Give back every line of the material below exactly, but no images.

[[ The data open ]]

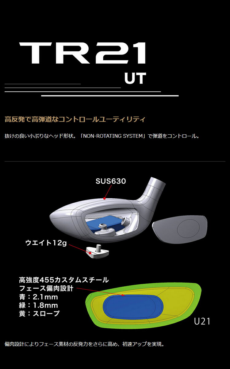 メーカー希望小売価格はメーカーカタログに基づいて掲載していますヘッド素材/製法 ボディ/SUS630/鋳造、フェース/高強度カスタムスチール/圧延 番手 U18 U21 U24 ロフト角(°) 18 21 24 ライ角(°) 57.5 58 58.5 長さ(インチ) 40.5 40 39.5 ヘッド体積(cm3) 110 108 106 バランス R D2 S D2 X ※ 総重量(g) R 351 355 359 S 354 358 362 X ※ ※総重量は設計値、その他は実測平均値になります ※印のスペックはオーダー対応 カウンターバランスと先調子化でスイングスピードがアップ。
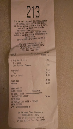 Read moreI have never left a review for McDs because it’s McDs, you either like it or you don’t 😆! Today though, we ordered on our lunch break for something quick, ordered ahead of time to grab and go, simple right? Gave them my order #, waited 10 mins, finally they came back and said they didn’t have our order. Hey, not their fault, they’re just one of many workers, but they said they’d get their manager. The manager came over and explained something to the effect of “the order didn’t come from your phone so that’s why we didn’t receive it, it uses geo tracking”…odd how they received the order just at that same moment then right, especially considering the phone it came from was still in the same spot, miles away! After another few minutes, the order came out, at this point I had been in the store waiting for ~20-25 minutes, which would be long if there were anyone else inside waiting (the drive-thru was long, I get that! But that’s poor management to have no one in FOH), I asked the manager if something could be done regarding a partial refund, to which she snapped back and said “there’s no way I’m giving you a refund, we made this order in 3 mins” and then I countered that the order should have been ready when we were quoted on the app to which she interrupted me and said “it’s not our fault that the order didn’t come through, but I’m not refunding you”. I find it ironic, laughable, and frustrating that a manager clearly cared so little about her job and the customer that her response was to be so aggressive and standoffish. Hey, that’s okay there’s 100 restaurants I can go to and after games, when my team orders out, we’ll...
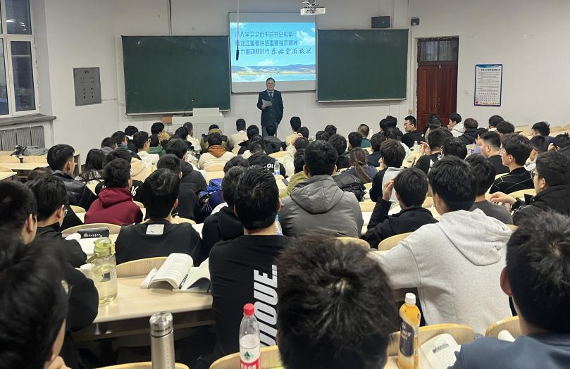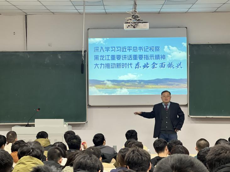 为深入贯彻《中共中央、国务院关于加强和改进新形势下高校思想政治工作的意见》)(中发[2016]31号)、《关于深化新时代学校思想政治理论课改革创新的若干意见》等文件重要指示精神,深入落实《深化新时代黑龙江省学校思想政治理论课创新创优行动方案》等文件要求和公司党委的决策部署,持续推进员工思想政治教育工作,水利电力公司党总支书记刘春明、经理戴长雷分别于11月9日和11月15日在汇文楼200教室和2号楼205教室为学院全体2023级同学讲授以《以新安全格局保障新发展格局》和《习近平总书记在黑龙江视察和在新时代推动东北振兴座谈会上的重要讲话重要指示精神》为专题的思想政治理论课。
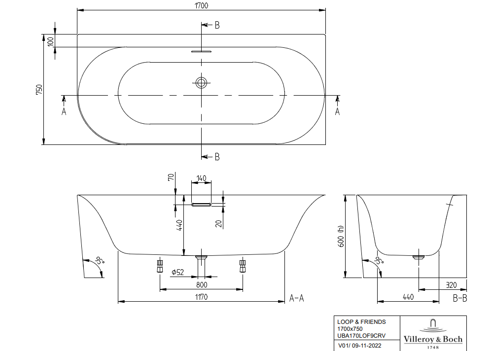 Villeroy&Boch Loop&Friends Embrace wanna wolnostojąca narożna prawa 170x75cm, powierzchnia antypoślizgowa kolor biały (Weiss Alpin) UBA170LOF9CR00V-01
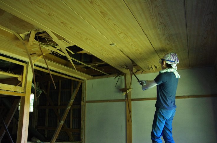 壁や天井、床を取り払って、少しずつ昔の姿に戻っていく過程は大勢でやれば1か月、もしかしたら1週間とかからず終わるのかもしれませんが、家族でゆっくり、この家の「借時間」を楽しみながら、味わいながらの作業はとても良い時間でした。といっても、まだまだ解体作業は続きます。
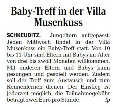 LVZ vom 13.07.2019 – Seite 22 – Baby-Treff in der Villa Musenkuss

[[ The data closed ]]

> [Result for this task]:
 メーカー希望小売価格はメーカーカタログに基づいて掲載していますヘッド素材/製法 ボディ/SUS630/鋳造、フェース/高強度カスタムスチール/圧延 番手 U18 U21 U24 ロフト角(°) 18 21 24 ライ角(°) 57.5 58 58.5 長さ(インチ) 40.5 40 39.5 ヘッド体積(cm3) 110 108 106 バランス R D2 S D2 X ※ 総重量(g) R 351 355 359 S 354 358 362 X ※ ※総重量は設計値、その他は実測平均値になります ※印のスペックはオーダー対応 カウンターバランスと先調子化でスイングスピードがアップ。
 Read moreI have never left a review for McDs because it’s McDs, you either like it or you don’t 😆! Today though, we ordered on our lunch break for something quick, ordered ahead of time to grab and go, simple right? Gave them my order #, waited 10 mins, finally they came back and said they didn’t have our order. Hey, not their fault, they’re just one of many workers, but they said they’d get their manager. The manager came over and explained something to the effect of “the order didn’t come from your phone so that’s why we didn’t receive it, it uses geo tracking”…odd how they received the order just at that same moment then right, especially considering the phone it came from was still in the same spot, miles away! After another few minutes, the order came out, at this point I had been in the store waiting for ~20-25 minutes, which would be long if there were anyone else inside waiting (the drive-thru was long, I get that! But that’s poor management to have no one in FOH), I asked the manager if something could be done regarding a partial refund, to which she snapped back and said “there’s no way I’m giving you a refund, we made this order in 3 mins” and then I countered that the order should have been ready when we were quoted on the app to which she interrupted me and said “it’s not our fault that the order didn’t come through, but I’m not refunding you”. I find it ironic, laughable, and frustrating that a manager clearly cared so little about her job and the customer that her response was to be so aggressive and standoffish. Hey, that’s okay there’s 100 restaurants I can go to and after games, when my team orders out, we’ll...
 为深入贯彻《中共中央、国务院关于加强和改进新形势下高校思想政治工作的意见》)(中发[2016]31号)、《关于深化新时代学校思想政治理论课改革创新的若干意见》等文件重要指示精神,深入落实《深化新时代黑龙江省学校思想政治理论课创新创优行动方案》等文件要求和公司党委的决策部署,持续推进员工思想政治教育工作,水利电力公司党总支书记刘春明、经理戴长雷分别于11月9日和11月15日在汇文楼200教室和2号楼205教室为学院全体2023级同学讲授以《以新安全格局保障新发展格局》和《习近平总书记在黑龙江视察和在新时代推动东北振兴座谈会上的重要讲话重要指示精神》为专题的思想政治理论课。
 Villeroy&Boch Loop&Friends Embrace wanna wolnostojąca narożna prawa 170x75cm, powierzchnia antypoślizgowa kolor biały (Weiss Alpin) UBA170LOF9CR00V-01
 壁や天井、床を取り払って、少しずつ昔の姿に戻っていく過程は大勢でやれば1か月、もしかしたら1週間とかからず終わるのかもしれませんが、家族でゆっくり、この家の「借時間」を楽しみながら、味わいながらの作業はとても良い時間でした。といっても、まだまだ解体作業は続きます。
 LVZ vom 13.07.2019 – Seite 22 – Baby-Treff in der Villa Musenkuss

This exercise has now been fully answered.